IMMUNIZATION 2022 / MedUrgent

IMMUNIZATION





Definition

Vacca: Latin = Cow

Vaccinia: Cowpox virus

Developed by Dr. Jenner in 1797

Vaccination= Inoculation with the virus of vaccinia (cowpox) to protect against smallpox


Vaccine: 

 A preparation of attenuated (weakened)or killed micro-organism, toxoid or genetically engineered antigenic material administered for the prevention of infectious disease

EPI: Started in 1978

Universal Immunization Program: Introduced in 1985

Immunization: The act of rendering immune

Active Immunity: Giving regular doses of vaccine

Passive Immunity: Giving Antibodies


Cocooning Strategy of vaccination:

Vaccinating Pregnant ladies, lactating mothers, Sibs, Fathers and Grand Parents (TdaP)

Live attenuated Vaccine:

Weakened organism that produces antigenic response without serious infection

Killed Vaccine:

Organism is killed or the antigen is inactivated by heat, phenol, formaldehyde or other methods

Conjugated vaccine:

Polysaccharide vaccine (H. influenza) conjugated with DPT to stimulate T cells and thus eliciting immunological memory

Toxoid:

Toxins rendered non-toxic (by formaldehyde) but antigenicity is maintained



Vaccine Handling & Storage

Recommended temp.2- 8 °C

OPV: <0°C (thawing and refreezing NOT more than 10 times)

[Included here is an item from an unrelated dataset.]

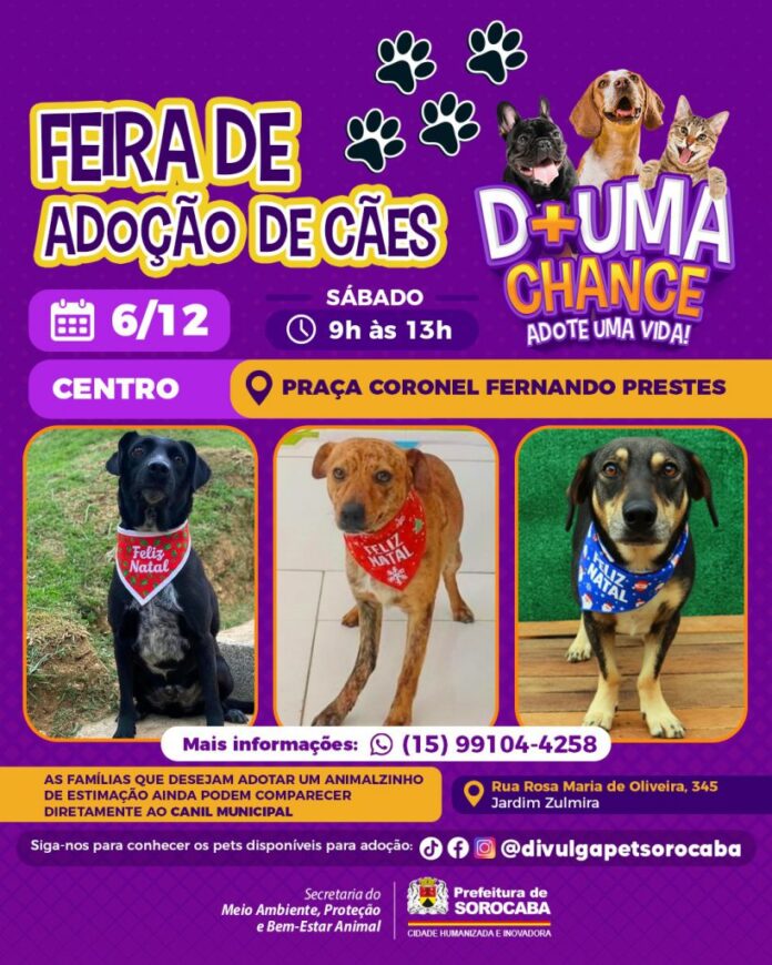 A Praça Coronel Fernando Prestes, no Centro de Sorocaba, vai receber neste sábado (6), das 9h às 13h, o evento de adoção de cães do Canil Municipal. A realização é da Prefeitura de Sorocaba, por meio da Secretaria do Meio Ambiente, Proteção e Bem-Estar Animal (Sema).

Varicella: <-15°C (reconstituted: use within ½ hr)

MMR: Reconstituted: use within 8 hrs.

Always: check the manufacturer package insert

Revise the Cold Chain: shipment to customer

Personnel & Equipments

One person responsible

Working refrigerator and Electric Stabilizer

Thermometer

Frozen water bottles or ice packs

Vaccines: in the central storage area

NO food or other drugs


Vaccine administration

≤ 1 yr: Antero-lateral aspect of the thigh

> 1 yr: Deltoid

Buttocks: ↑subcutaneous fat + Sciatic nerve

Deep i.m. (needle = 7/8 – 1 inch long)

Same site for s.c. (Measles)

Intra-dermal: On the volar surface of the forearm (25-27 gauge needle)

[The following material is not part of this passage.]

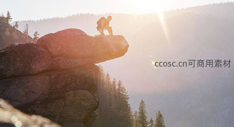 日出时分,登山者静坐悬崖之巅俯瞰山林

Multiple vaccines: same (1-2 inches apart)or a different thigh

NO mixing of vaccines in One syringe

Gentle pressure: Relieves pain and stops bleeding

Keep the child at his mother lap

Local anesthetic may be used (ELMA cream or Vapo-coolant spray)

Distracters or pacifiers


Complications

Possible complications of i.m. vaccines:

-Nerve injury

-Infection

-Abscess

-Skin pigmentation

-Hemorrhage

-Cellulitis

-Tissue necrosis & gangrene

-Scars / cysts /local atrophy

-Periostitis



Special Considerations

For patients with Bleeding tendency: Give the i.m. vaccine immediately after giving the replacement factor 

Press for 2 min.

Subcutaneous root is safer

After giving IgG: Wait for 3-5 months to give live vaccines

Wait for 2/52 after live vaccine to give IgG

Pre-terms: Vaccination according to the chronological age

A lapse : NO reinstitution, continue vaccination as scheduled

No documentation: Start from zero

Vaccine Adverse Events: Report to MOH

Oral vaccine, spitted or vomited: Repeat


Remarks

Injection sites: Lateral aspect of Thigh or Deltoid

No vaccine should be given i.v.

Fever : Analgesic

Live vaccines: Not given to immuno-deficient children

Pre-terms: Vaccinated at the proper chronological age


Precautions

Convulsions within 72 hrs: No more pertussis vaccine

Care with children brain damage and convulsions

During epidemic: Measles vaccine can be given at age 6/12

OPV, Yellow Fever & Cholera vaccines should not be given together

Check the color of the square on the sticker on each vial

Check the color of the vaccine solution:

                       -Colorless (MMR, PCV, Hib…)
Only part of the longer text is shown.